(Collected data)
········
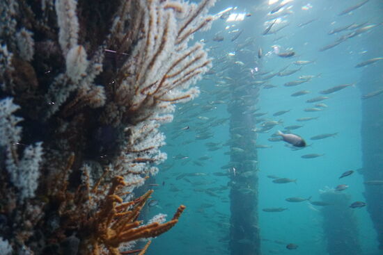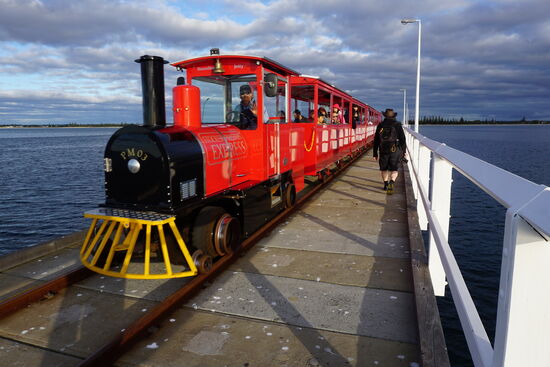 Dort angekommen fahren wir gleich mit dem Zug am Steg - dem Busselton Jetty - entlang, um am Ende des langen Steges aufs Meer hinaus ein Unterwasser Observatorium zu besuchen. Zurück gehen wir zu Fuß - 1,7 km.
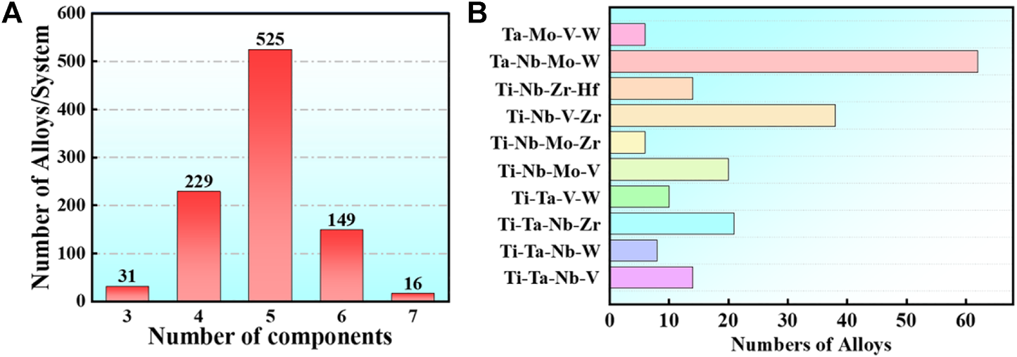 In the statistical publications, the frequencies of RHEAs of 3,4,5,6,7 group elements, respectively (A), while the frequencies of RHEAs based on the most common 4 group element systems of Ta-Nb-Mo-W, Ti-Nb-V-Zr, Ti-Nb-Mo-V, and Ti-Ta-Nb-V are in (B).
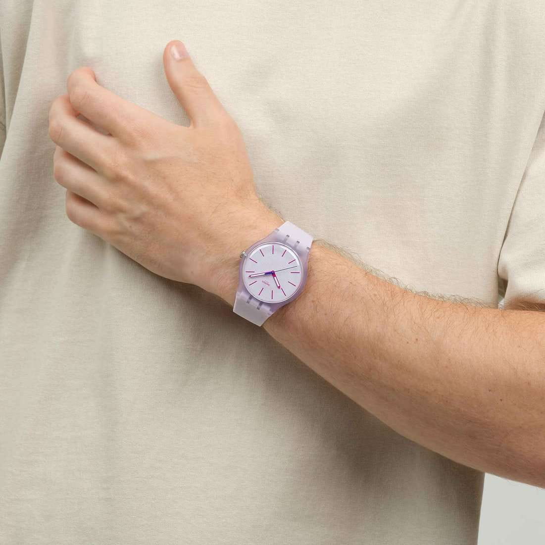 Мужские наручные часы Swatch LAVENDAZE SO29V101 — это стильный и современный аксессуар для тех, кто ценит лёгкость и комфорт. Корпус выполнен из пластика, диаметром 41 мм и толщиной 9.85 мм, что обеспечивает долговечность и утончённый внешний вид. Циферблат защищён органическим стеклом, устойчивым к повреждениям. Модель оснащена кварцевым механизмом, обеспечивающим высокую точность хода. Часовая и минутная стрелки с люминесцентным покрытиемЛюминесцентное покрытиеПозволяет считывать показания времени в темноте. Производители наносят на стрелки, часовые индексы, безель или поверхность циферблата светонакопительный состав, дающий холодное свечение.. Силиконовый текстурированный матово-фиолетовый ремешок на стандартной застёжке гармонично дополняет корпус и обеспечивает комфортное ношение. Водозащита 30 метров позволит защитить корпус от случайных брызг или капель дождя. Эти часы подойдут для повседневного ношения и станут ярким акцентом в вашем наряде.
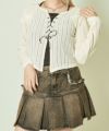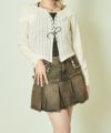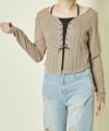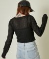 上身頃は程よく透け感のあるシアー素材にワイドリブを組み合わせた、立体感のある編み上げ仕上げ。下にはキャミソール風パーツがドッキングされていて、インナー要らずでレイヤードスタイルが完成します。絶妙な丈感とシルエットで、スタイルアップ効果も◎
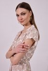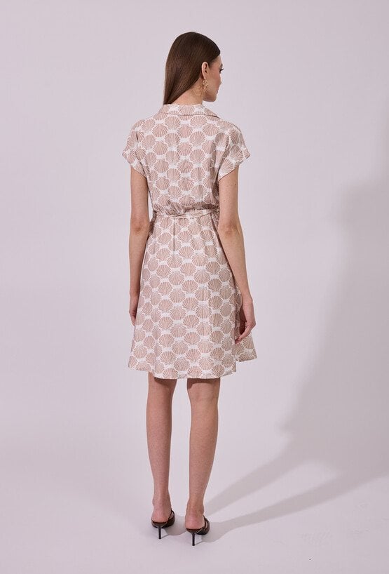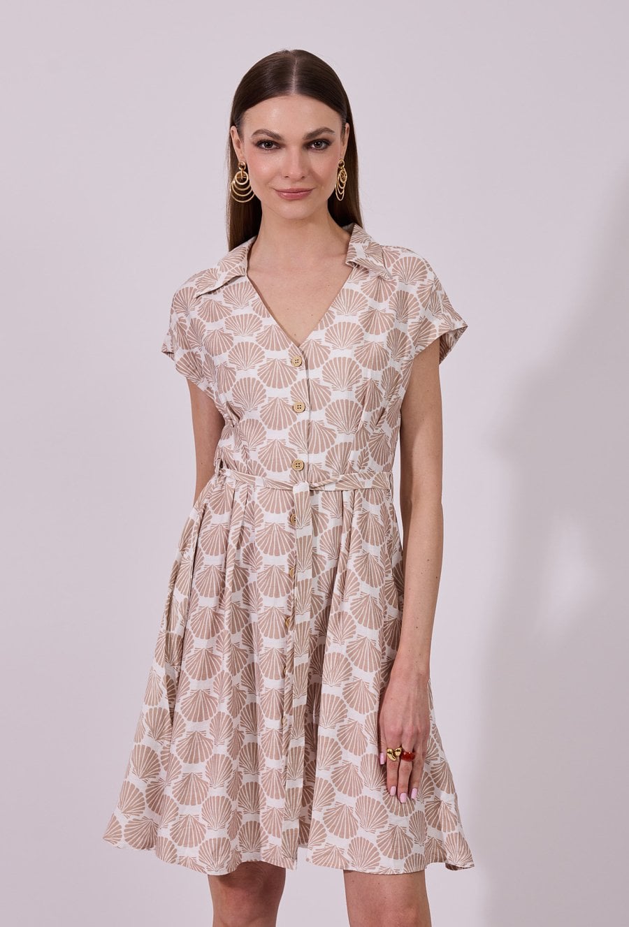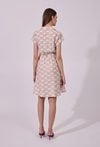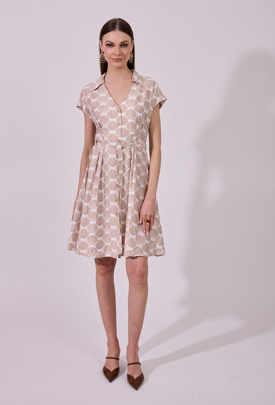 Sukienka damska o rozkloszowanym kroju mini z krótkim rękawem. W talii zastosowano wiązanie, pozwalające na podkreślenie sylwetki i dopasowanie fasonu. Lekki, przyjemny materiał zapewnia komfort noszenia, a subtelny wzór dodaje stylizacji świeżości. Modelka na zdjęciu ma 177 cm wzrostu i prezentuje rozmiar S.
········
About this task
When you reach the line that has "In the statistical" in the data above, start repeating lines exactly, and stop after the line that has "上身頃は程よく透け感のあるシ"; pictures stay out.

Reply to the task
 In the statistical publications, the frequencies of RHEAs of 3,4,5,6,7 group elements, respectively (A), while the frequencies of RHEAs based on the most common 4 group element systems of Ta-Nb-Mo-W, Ti-Nb-V-Zr, Ti-Nb-Mo-V, and Ti-Ta-Nb-V are in (B).
 Мужские наручные часы Swatch LAVENDAZE SO29V101 — это стильный и современный аксессуар для тех, кто ценит лёгкость и комфорт. Корпус выполнен из пластика, диаметром 41 мм и толщиной 9.85 мм, что обеспечивает долговечность и утончённый внешний вид. Циферблат защищён органическим стеклом, устойчивым к повреждениям. Модель оснащена кварцевым механизмом, обеспечивающим высокую точность хода. Часовая и минутная стрелки с люминесцентным покрытиемЛюминесцентное покрытиеПозволяет считывать показания времени в темноте. Производители наносят на стрелки, часовые индексы, безель или поверхность циферблата светонакопительный состав, дающий холодное свечение.. Силиконовый текстурированный матово-фиолетовый ремешок на стандартной застёжке гармонично дополняет корпус и обеспечивает комфортное ношение. Водозащита 30 метров позволит защитить корпус от случайных брызг или капель дождя. Эти часы подойдут для повседневного ношения и станут ярким акцентом в вашем наряде.
 上身頃は程よく透け感のあるシアー素材にワイドリブを組み合わせた、立体感のある編み上げ仕上げ。下にはキャミソール風パーツがドッキングされていて、インナー要らずでレイヤードスタイルが完成します。絶妙な丈感とシルエットで、スタイルアップ効果も◎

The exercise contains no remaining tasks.